» What to work on
Skip the pictures. Transcribe the rest of the data below without changing a word.

» Given material
* * * * * * * * *

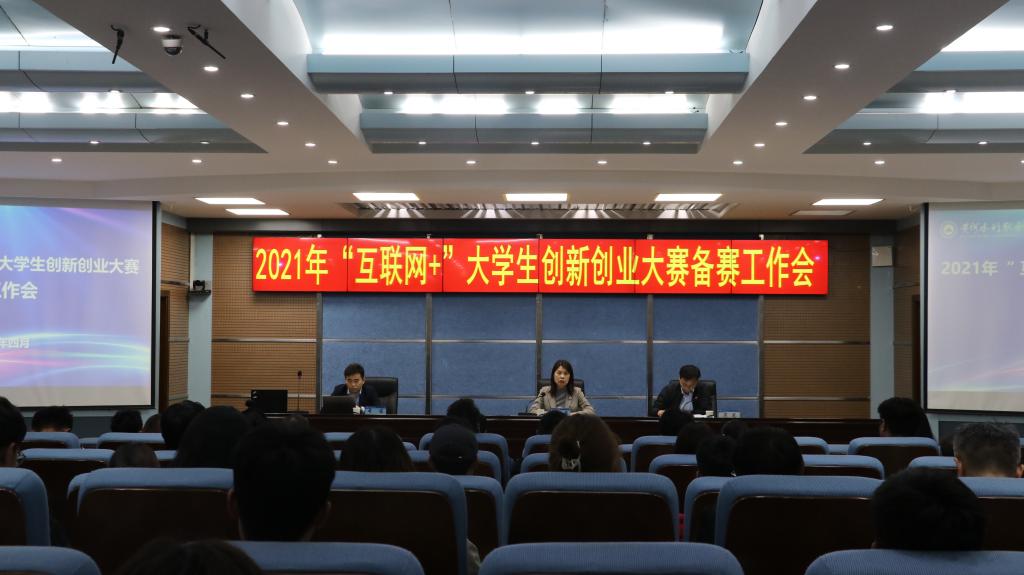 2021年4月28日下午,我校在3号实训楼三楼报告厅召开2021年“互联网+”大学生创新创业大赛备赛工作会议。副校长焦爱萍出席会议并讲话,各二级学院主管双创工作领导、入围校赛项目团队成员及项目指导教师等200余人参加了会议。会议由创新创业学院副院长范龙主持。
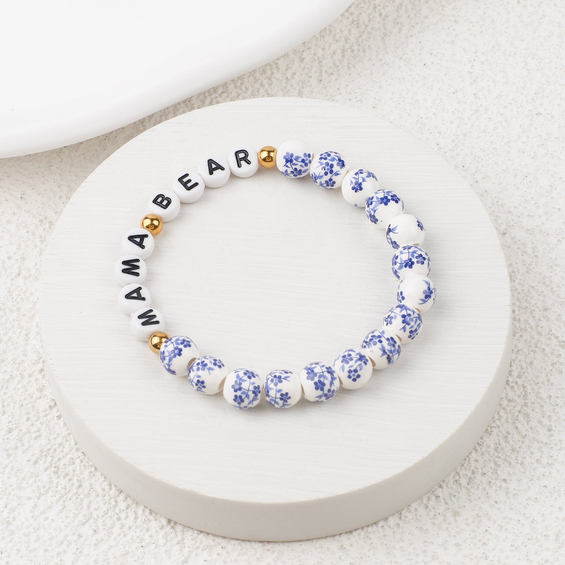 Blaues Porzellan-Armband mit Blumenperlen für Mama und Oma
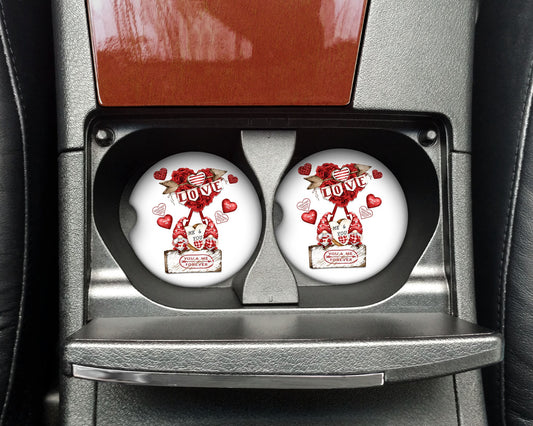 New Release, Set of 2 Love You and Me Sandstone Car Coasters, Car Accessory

* * * * * * * * *

» Exercise result
 2021年4月28日下午,我校在3号实训楼三楼报告厅召开2021年“互联网+”大学生创新创业大赛备赛工作会议。副校长焦爱萍出席会议并讲话,各二级学院主管双创工作领导、入围校赛项目团队成员及项目指导教师等200余人参加了会议。会议由创新创业学院副院长范龙主持。
 Blaues Porzellan-Armband mit Blumenperlen für Mama und Oma
 New Release, Set of 2 Love You and Me Sandstone Car Coasters, Car Accessory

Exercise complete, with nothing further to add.